(Data excerpts)
↓

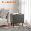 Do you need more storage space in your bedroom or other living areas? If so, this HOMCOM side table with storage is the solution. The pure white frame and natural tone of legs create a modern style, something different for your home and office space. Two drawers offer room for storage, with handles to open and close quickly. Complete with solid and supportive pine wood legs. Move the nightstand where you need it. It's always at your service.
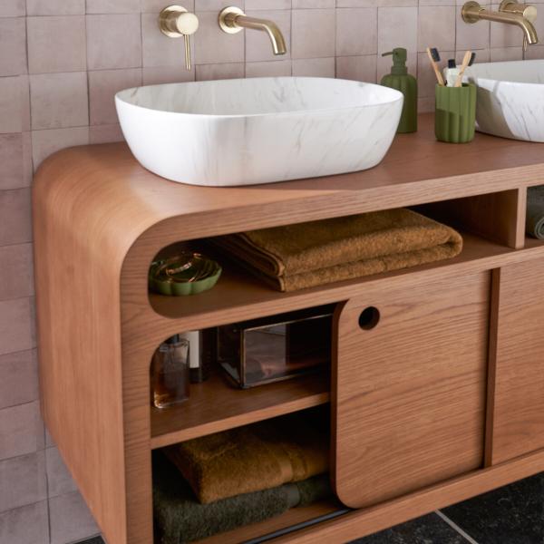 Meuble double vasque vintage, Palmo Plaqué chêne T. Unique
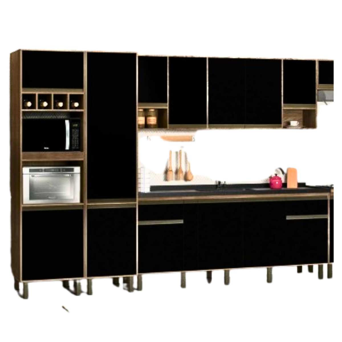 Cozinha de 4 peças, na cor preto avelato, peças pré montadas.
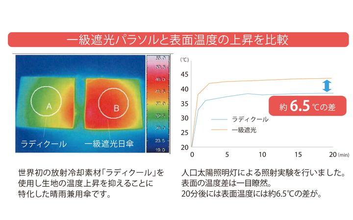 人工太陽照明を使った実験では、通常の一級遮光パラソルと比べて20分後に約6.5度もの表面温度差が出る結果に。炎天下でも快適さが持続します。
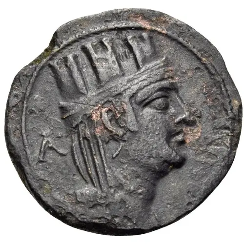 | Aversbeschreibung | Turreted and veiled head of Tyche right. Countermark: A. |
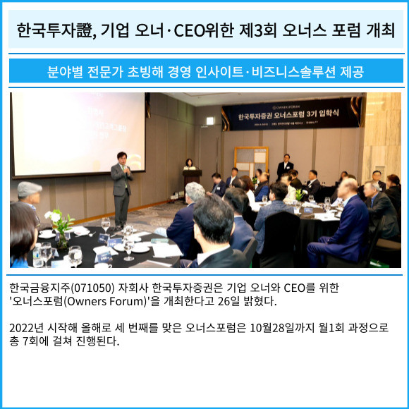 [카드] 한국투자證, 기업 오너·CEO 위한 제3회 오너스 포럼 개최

↑

No pictures belong in the answer. It must repeat exactly the lines from the line with "人工太陽照明を使った実験では" through the final line of the records.

 人工太陽照明を使った実験では、通常の一級遮光パラソルと比べて20分後に約6.5度もの表面温度差が出る結果に。炎天下でも快適さが持続します。
 | Aversbeschreibung | Turreted and veiled head of Tyche right. Countermark: A. |
 [카드] 한국투자證, 기업 오너·CEO 위한 제3회 오너스 포럼 개최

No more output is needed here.